Week 5 at Recurse Center
04 May 2018Started off this week feeling not-so-good about myself, like I was just running waist-deep in mud, just trying to move forward but feeling so stuck. On Tuesday I made the very-good decision to break from my overarching goal (which had led me into video decoders and web assembly) and make a PBCore2.1 validator, which took only a small amount of time to produce good and useful results. I moved on from there into doing a bit of what I casually have been referring to as “javascript shitposting,” which is making things that don’t have much value and just cobbling together junk to make myself feel better.
This week, I am:
- reminding myself that I am farther along in my quest than I had originally mapped for myself
- reminding myself I am in a space where it’s okay to fail repeatedly and to follow paths I want to follow
- reminding myself I don’t have to know everything and I don’t have to learn everything
I’ve been thinking about a conversation I had with a batchmate a few weeks ago, about what we want to do after this whole adventure is over. At some point, I said (for the second time, among other things) that I just really had to care about what I was building. He paused and said something along the lines of “You really do care about that!” “Don’t you?” No. He said he cared about working with good people and with interesting technology, but what was being built didn’t matter all that much. I cannot imagine not caring. This often feels, in my day-to-day life and the repercussions I face as a result of it, more of a fault than a virtue.
I can follow this analogy to even being here at RC. Last week I was feeling lost and wondering if I even enjoyed actual programming, but I think I was 1) mysteriously moody for unrelated reasons but especially 2) having a hard time finding a small, tangible project that had meaning for me. I’ve never been a person who can tolerate doing things that don’t matter just for the sake of doing them, so I am in fact a terrible programmer when it comes to doing the kinds of arbitrary tasks and hoops required to jump through to get a programming job, like solving mathy problems for fun. I have to accept this about myself – I’ll never enjoy doing that because it feels very pointless, even when the point is “good employment.”
But I’m feeling a lot better about my technical abilities. Last week I was kinda like “wah wah, I’m so terrible at all of this and I’ll never be better.” Taking a break from learning Rust and diving into video to do some webdev and javascripting and then returning to Rust+WASM+JavaScript and realizing that I have actually learned things gave me the perspective I needed to keep moving forward.
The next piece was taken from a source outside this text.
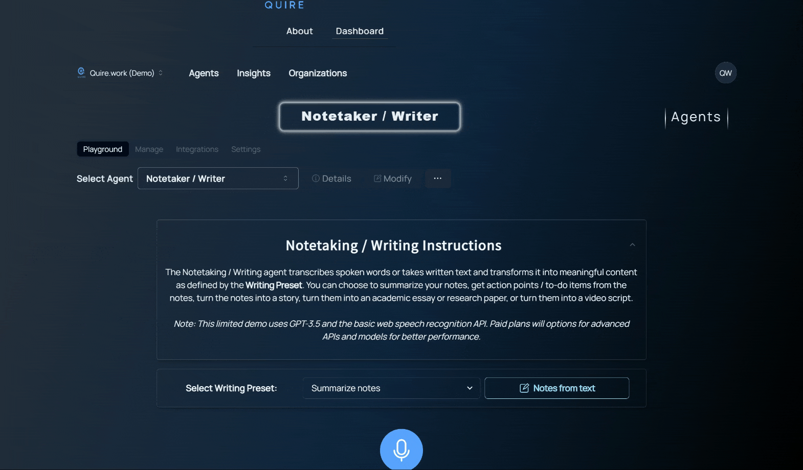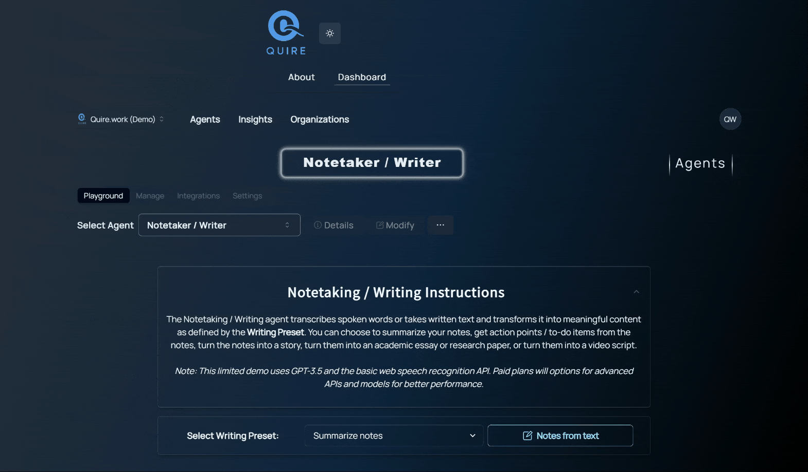 Quire's virtual assistants / agents can do a multitude of features, including SEO content writing, conducting interviews for market research, note-taking and summarization, tutoring with course and study guide creation, and live real-time fact-checking and question answering.

This week I was reminded of how much I really, really love the work I was doing prior to coming to RC, with Archivematica 1.7 being released (and buying myself a slice-o-cake), working on some UX stuff from Collab Cataloging Japan, and checking in with Mark Morris Dance Group’s cataloging project to tidy up a few things. I really love what I do and I am grateful to do it, but on the other hand I realize that I need to make choices that reflect in providing me with stable income and (most importantly) health care. I worry that working on things that I love and having health care and living in New York are not all things I am capable of having at the same time. This leaves me often feeling essentially unemployable. Despite my attempts to comfort other people on the job hunt now that being a good, kind, empathetic, intelligent, and creative person is very often antithetical to being a good prospective employee and to be in general wary of vocational awe, I am often subject to the same struggles.
It is very much a privilege to be able to live in a way that attempts to be aligned with one’s ethics.